● **Description of the task**:
The answer is an exact copy of the lines from the one with "习近平总书记在学校思想政治理" to the end of the listing below, pictures left out.

● **Data segment**:
'''

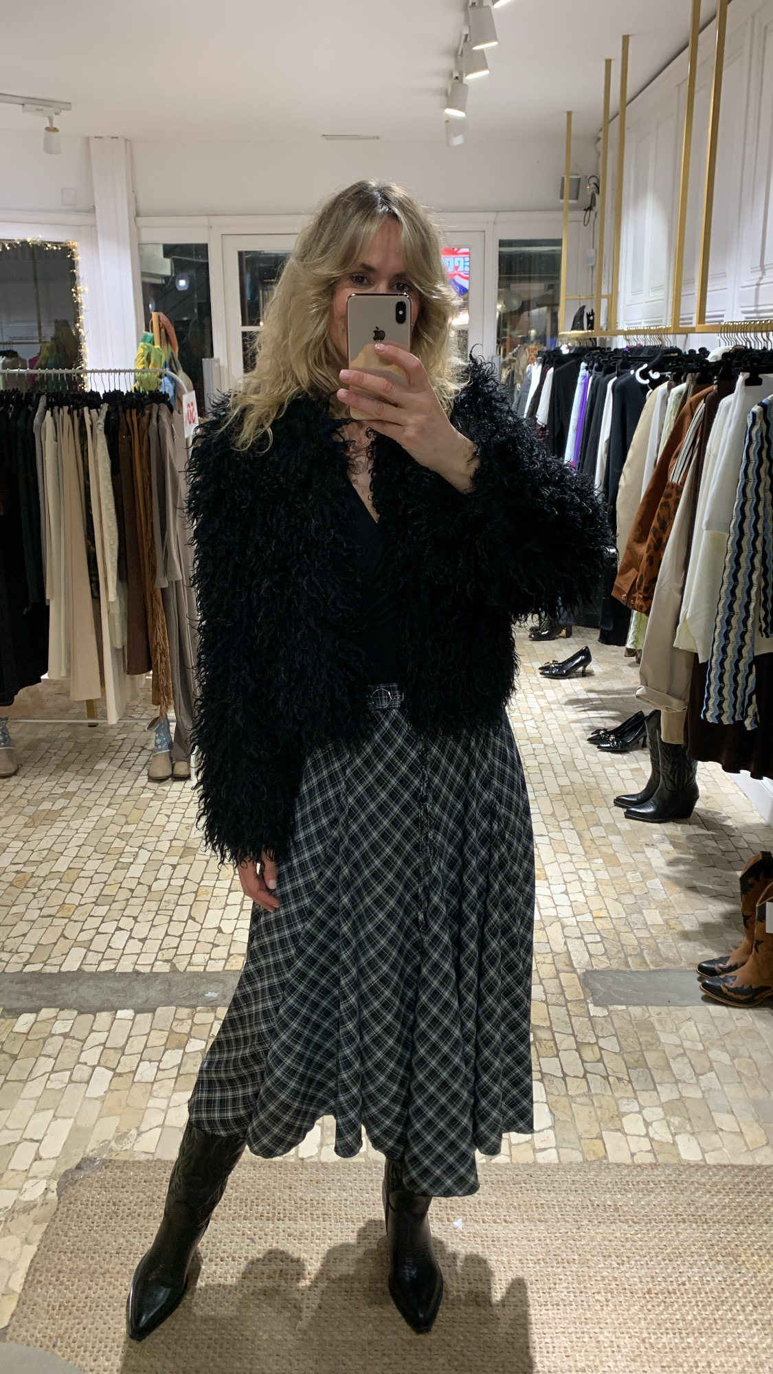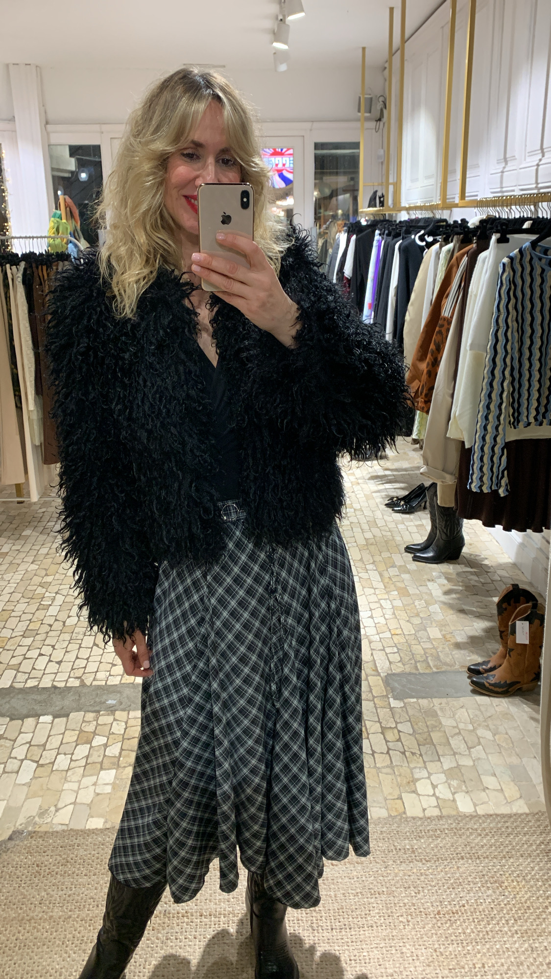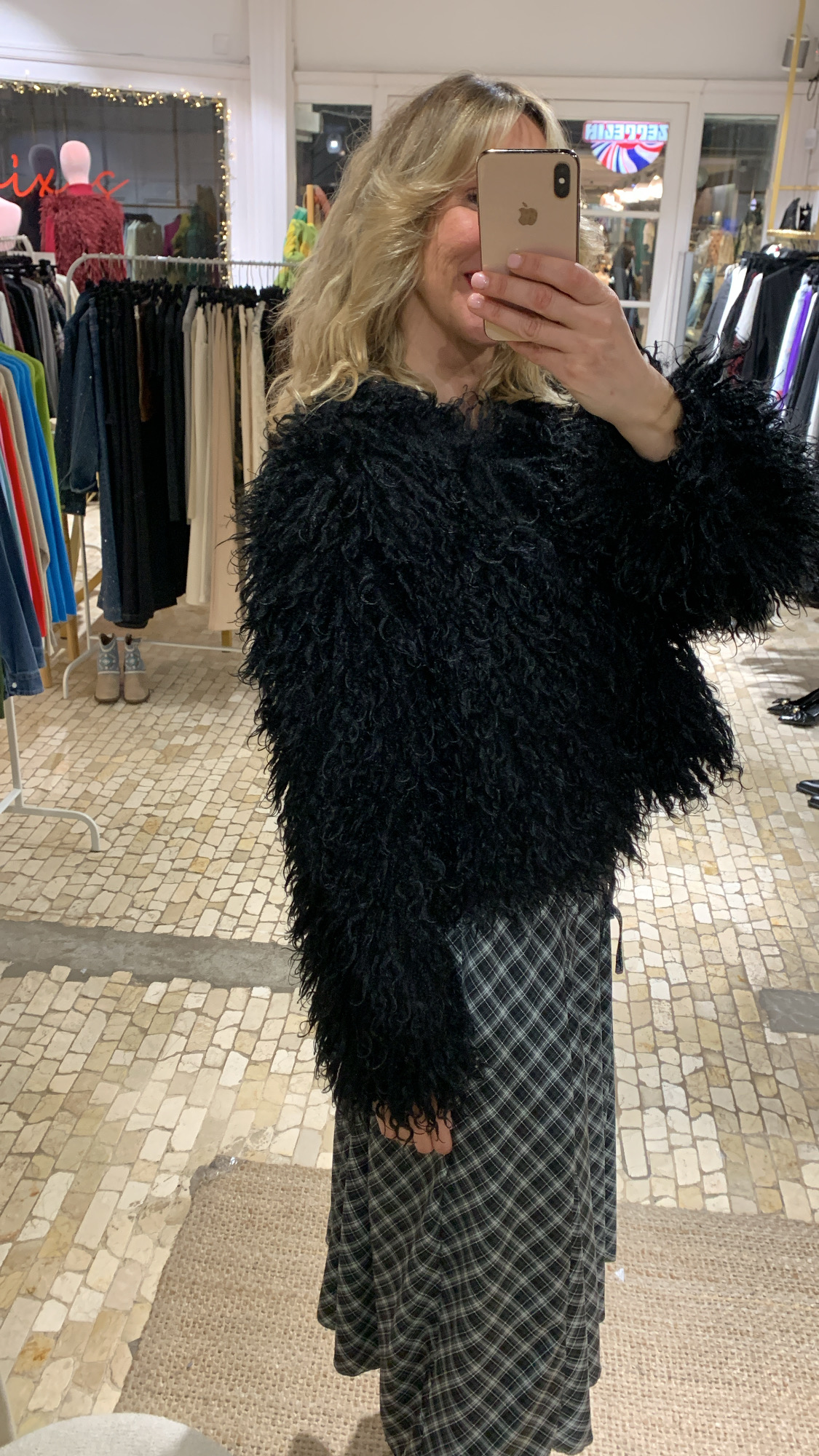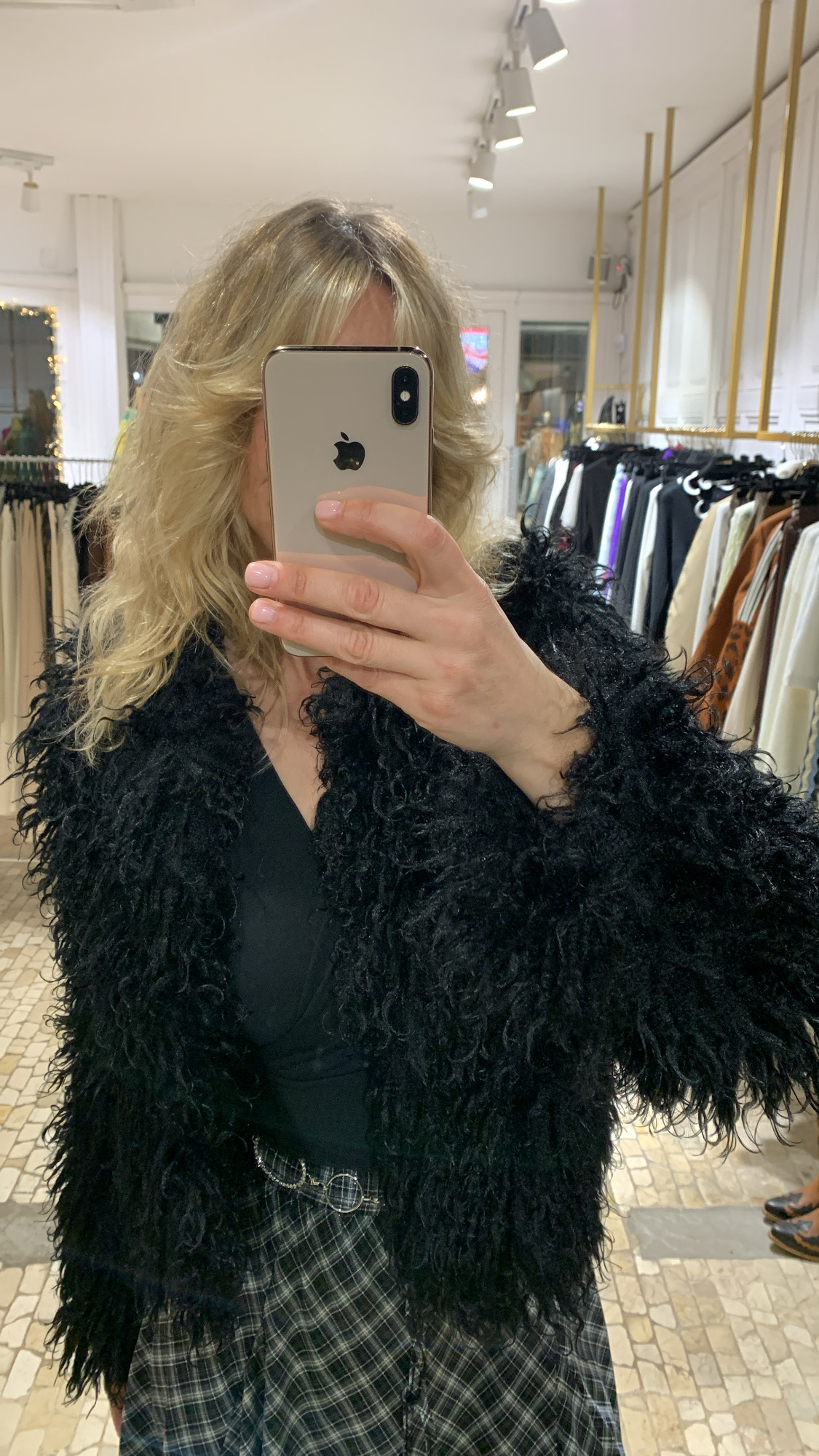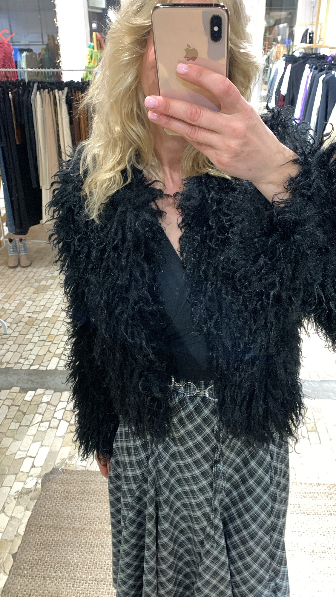 Chaqueta tipo cazadora de pelo Mongolia negra – talla única
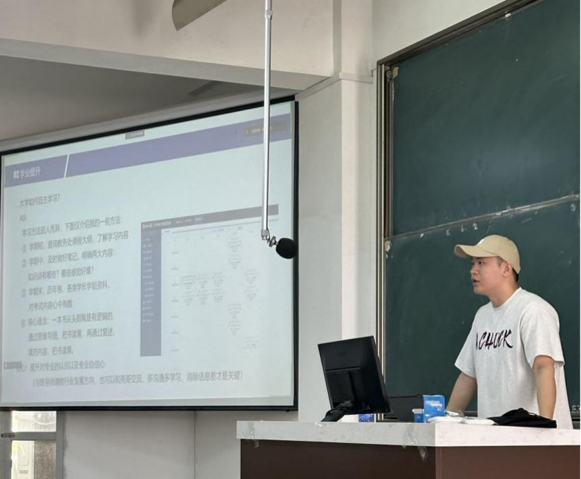 习近平总书记在学校思想政治理论课教师座谈会上强调:“要坚持显性教育和隐性教育相统一,挖掘其他课程和教学方式中蕴含的思想政治教育资源,实现全员全程全方位育人。”朋辈教育是促进大学生自我教育的有效形式。为帮助2023级本科新生更好地适应大学生活,从朋辈榜样身上寻找人生价值,锚定青春航向,扬起人生之帆,学院于2023年8月28日上午邀请2023届本科毕业生张少坤,结合自身大学成长经历,与新生们分享了自己在学业、科研、学生工作和创新创业等方面的收获。
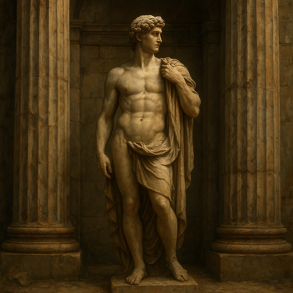 a statue of a man holding a cloth

'''

● **Task response**:
 习近平总书记在学校思想政治理论课教师座谈会上强调:“要坚持显性教育和隐性教育相统一,挖掘其他课程和教学方式中蕴含的思想政治教育资源,实现全员全程全方位育人。”朋辈教育是促进大学生自我教育的有效形式。为帮助2023级本科新生更好地适应大学生活,从朋辈榜样身上寻找人生价值,锚定青春航向,扬起人生之帆,学院于2023年8月28日上午邀请2023届本科毕业生张少坤,结合自身大学成长经历,与新生们分享了自己在学业、科研、学生工作和创新创业等方面的收获。
 a statue of a man holding a cloth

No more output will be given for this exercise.